Esto, a su criterio, deja de lado cuestiones esenciales de la evaluación educativa. Por centralizar la visión en el resultado, este tipo de pruebas desatienden de algún modo el proceso y una serie de factores clave para entender los resultados del aprendizaje tales como el bienestar de los alumnos o el contexto social, además de habilidades no cognitivas.

Esto que pasa a nivel institucional en los centros educativos que se someten a este tipo de pruebas, sucede puertas adentro de cualquier aula, donde se priorizan los resultados como señales de aprobación o desaprobación sin tener en cuenta aspectos no menos importantes al momento de pensar en un fenómeno tan complejo como el aprendizaje verdaderamente significativo. Quizás porque los sistemas educativos están sostenidos sobre pilares de rendimiento, es que se desatienden variables que a primera vista parecieran estar “por fuera” de lo meramente escolar.

En este contexto, cabe interrogarse sobre cómo medir la calidad educativa. En qué medida los estándares legitimados socialmente contemplan cuestiones tan medulares para las sociedades del presente y del futuro como la creatividad, el pensamiento crítico, la empatía, la capacidad de trabajo en equipo y muchas otras imposibles de cuantificar en una medición numérica. Si bien es cierto que son muchas las instituciones que más allá de la currícula desestructuran pautas y tratan de flexibilizar lo que establecen los programas educativos, lo que se les exige a los educadores está normatizado y sigue rigiéndose por pautas de evaluación rígidas. Como si la escuela hubiera quedado vieja.

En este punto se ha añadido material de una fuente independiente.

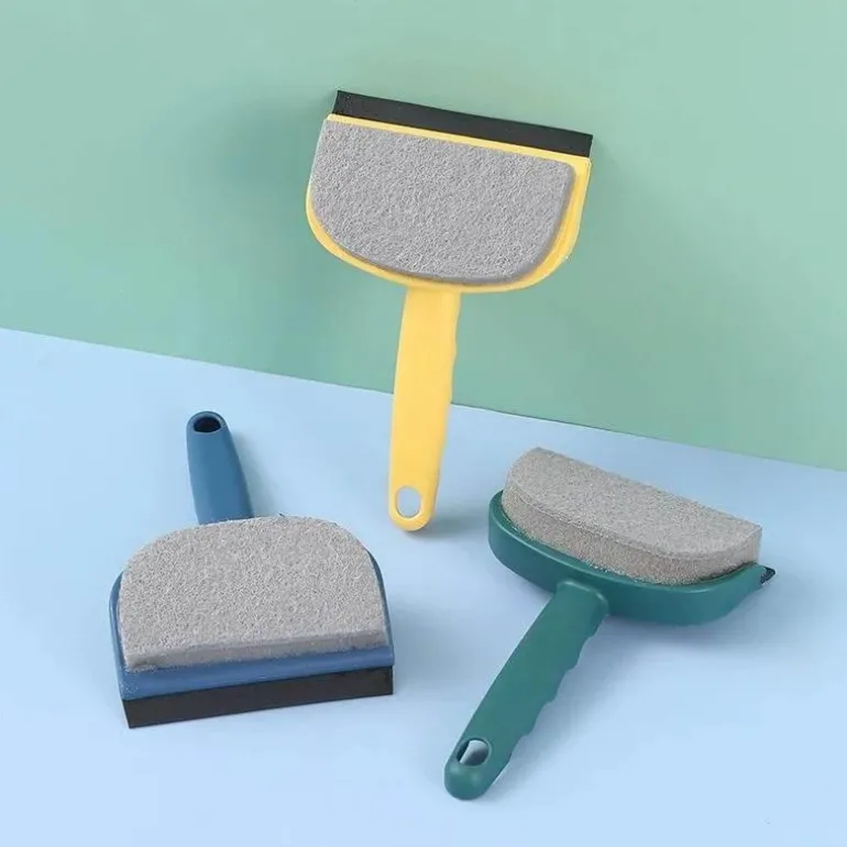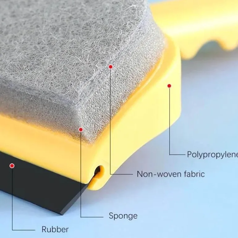 Die multifunktionale Reinigungsschwammbürste ist ein unverzichtbares Werkzeug für effektives Reinigen und Schrubben in Küche und Haushalt. Das innovative doppelseitige Design verfügt auf der einen Seite über eine weiche Schwammbürste, die sich perfekt zum sanften Abwischen von Oberflächen wie Arbeitsplatten und Fenstern eignet. Die andere Seite ist mit Gummiwischerblättern ausgestattet, die geschickt entlang einer gebogenen Kante positioniert sind, sodass Sie auch enge Stellen um Spülen und Ecken mühelos erreichen.

Llama la atención que los responsables de la prueba Pisa trabajaron junto con expertos en ampliar el espectro de lo evaluado incluyendo una evaluación cognoscitiva sobre la capacidad de los alumnos de discernir conceptos relacionados con la globalización y un cuestionamiento sobre creencias y hábitos y los principales países del mundo optaron por no participar de esa parte de la evaluación bajo el argumento de no contar con elementos suficientes para garantizar la rigurosidad de la ponderación. Como si aquello que fuera más difícil de cuantificar fuera menos importante.

Mientras se perpetúa la búsqueda estéril de resultados y la validación numérica que aportan varios de los rankings internacionales desvela a funcionarios y teóricos de la educación, hay algunos sistemas educativos que han dado el salto de calidad deseado y enfocan sus programas en el trabajo por proyectos, conexión con la vida real, diseño, aprendizaje cooperativo, autoevaluación y educación emocional, por sólo señalar algunos ejes comunes. Este es un dato auspicioso, pero aún resulta excepcional.

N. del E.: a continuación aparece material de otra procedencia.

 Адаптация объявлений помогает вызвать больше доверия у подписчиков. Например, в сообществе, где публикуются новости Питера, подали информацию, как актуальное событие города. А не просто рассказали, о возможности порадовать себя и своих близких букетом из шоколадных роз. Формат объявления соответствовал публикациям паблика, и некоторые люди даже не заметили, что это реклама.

Quizás como lo señala en el artículo citado el director de The Global School el camino sea trabajar en esa dirección, pensando en una educación centrada en el alumno que emplee herramientas que resulten apropiadas a ese paradigma. A la luz de la realidad y de lo frustrante que resultan algunos indicadores educativos en muchas sociedades del mundo, tal vez la tarea sea pensar la escuela como un espacio donde crecer, más que donde obtener una buena nota. Una escuela que prepare ciudadanos comprometidos y competentes para enfrentar y resolver los complejos desafíos que les impondrá el futuro. Construir esa escuela es tarea de los gobiernos, de los expertos en educación, de los académicos, los mismos que hoy también se desvelan en la búsqueda de quedar mejor posicionados en un ranking que aunque prestigioso no siempre asegura la medida de la calidad respecto de lo que sus instituciones enseñan.